На следующий день в отсутствие отца Маруся ругала дочерей. Доставалось младшей, но старшую позвали, чтобы соблюсти равенство.

– Почему я узнаю о таких вещах? Почему мне такое рассказывают?! – Мать сделала ударение на слове «такое».

– А что тебе рассказали? – удивленно спросила младшая. Она пребывала в приподнятом настроении и даже не поняла, что ее ругают.

– А ты не знаешь?! Ты как вчера танцевала?

– Я?! – Тут дочь покраснела. – А как я танцевала?

– Ты же просто лежала на его плече?! Вы обнимались! Представляешь, мне звонят из родительского комитета и рассказывают, что моя младшая дочь танцует с каким-то посторонним старшеклассником и при этом лежит на его плече.

– Это же надо, как любят разносить сплетни! – легкомысленно воскликнула младшая.

– Для тех, кто рассказывает, – это сплетни. Для тех, о ком рассказывают, – это слухи. Нехорошие слухи.

– Мам, слухи могут и так просто распространять, – не удержалась старшая дочь.

– Могут. Но чаще всего случается иначе. Чаще всего что-то происходит, а потом уже рассказывают.

– Мам, что ты сердишься?! Там ничего такого не происходило. Был Вадим, ты его отлично знаешь. Он пришел к Лукину, чтобы помочь ему. Остался на наш вечер. Ему не с кем было танцевать, он мало кого знает. Младшенькая тоже скучала. И что такого? И на плече никто не лежал. Это все вранье.

Младшенькая посмотрела на сестру. Уже который раз она ее выручала. Защищала и оправдывала.

– Мне наврали? – Маруся внимательно посмотрела на старшую дочь.

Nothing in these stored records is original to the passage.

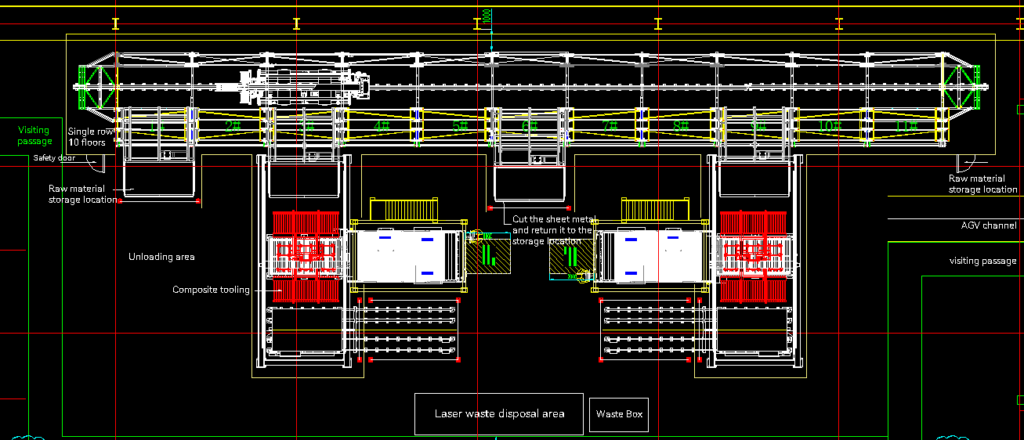 O sistema flexível de processamento automatizado de chapa metálica descrito neste plano inclui um novo conjunto de unidades tridimensionais de armazém em fileira única e dois conjuntos de máquinas de corte a laser, sistemas automáticos de carregamento e descarga um a um, que realizam transferência automática, alimentação automática, corte automático e descarga automática de matérias-primas, além de realizar produção automatizada (referindo-se a produtos adequados para processamento automatizado em linhas). Cada unidade de processamento também pode operar de forma independente no “modo offline”, e cada uma pode ser conectada à unidade de armazém para realizar o processamento em ciclo lote de diferentes peças de trabalho.
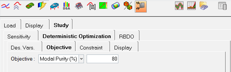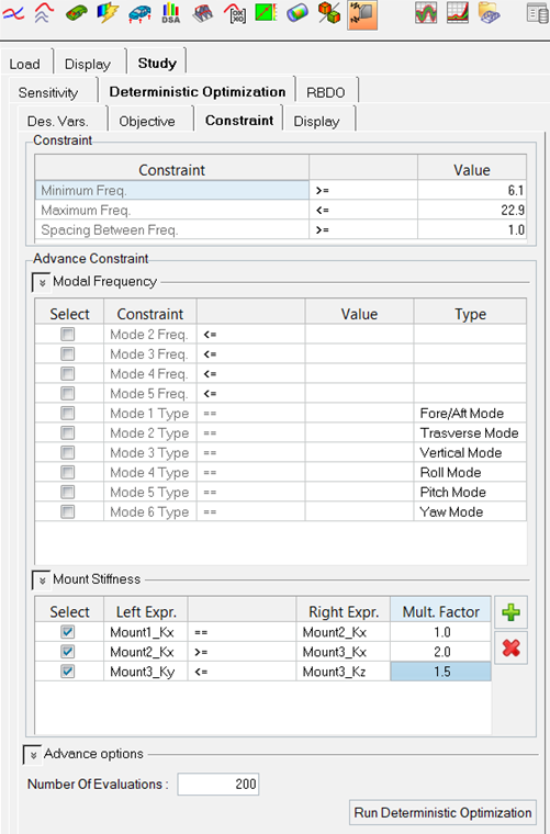 剛体モードの分離の目的を定義し、剛体モード振動数の制約を作成し、マウント剛性、位置、傾斜の観点から変数の設計空間を指定することで、決定論的最適化と実行を設定します。
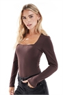 Боди с длинными рукавами и квадратным вырезом
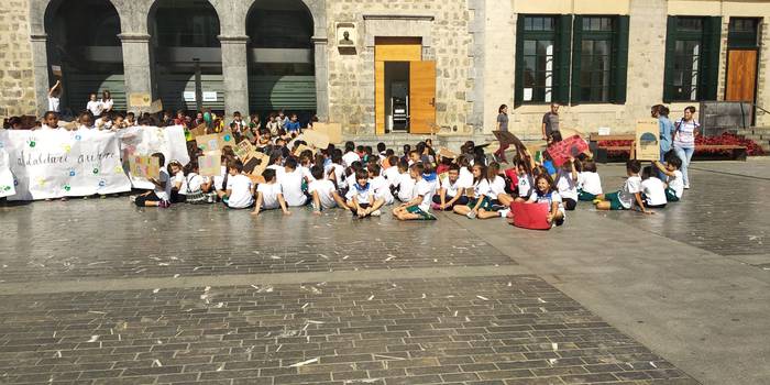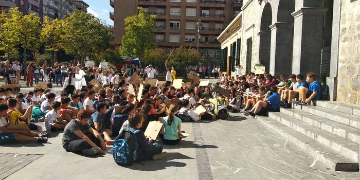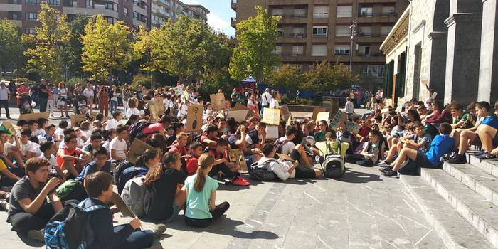 Besteak beste, aldarrikatu dute planeta larrialdi klimatiko egoeran dagoela eta 200 landare eta animali espezie desagertu direla. Hondamendiak gero eta arruntagoak direla ere nabarmendu dute eta B planetarik ez dagoela. Horren ostean, eserialdia egin dute udaletxe aurrean.
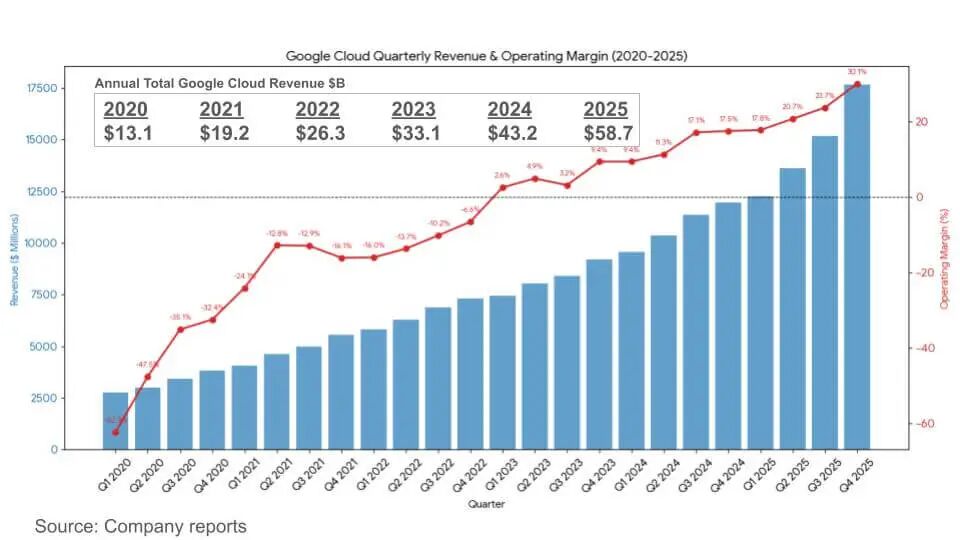 本分析其余部分的背景是,Alphabet 处于相对独特的位置。它拥有资产负债表和利润引擎来资助大规模基础设施周期,并且拥有足够大且足够改善的云业务,使其成为 AI 投资回报故事的重要部分。(国内最像Google的是哪家公司呢?)

– Да, – не моргнув глазом подтвердила та, – наврали. Знаю кто. Тот, вернее, та, чья дочь просидела на одном месте целый вечер и ни с кем не танцевала.

Старшенькая всем видом показала, что говорить тут не о чем.

Маруся растерялась. Старшая никогда не врала и вообще была очень правильной.

– Ладно, девочки! Все, что хотела, я вам сказала. Постарайтесь не давать повода для сплетен.

– Хорошо, мама. – Старшая ответила за двоих и поинтересовалась: – Можно я в кино с Толей пойду? Вадим с нами идет тоже.

Маруся задумалась. Против дружбы с Лукиным она ничего не имела. Главное, чтобы эта дружба не превратилась во что-нибудь еще. Вадим тоже был мальчик хороший, во всяком случае, и семья была приличная, и учился он хорошо, и времени зря на долгое гуляние во дворе не тратил.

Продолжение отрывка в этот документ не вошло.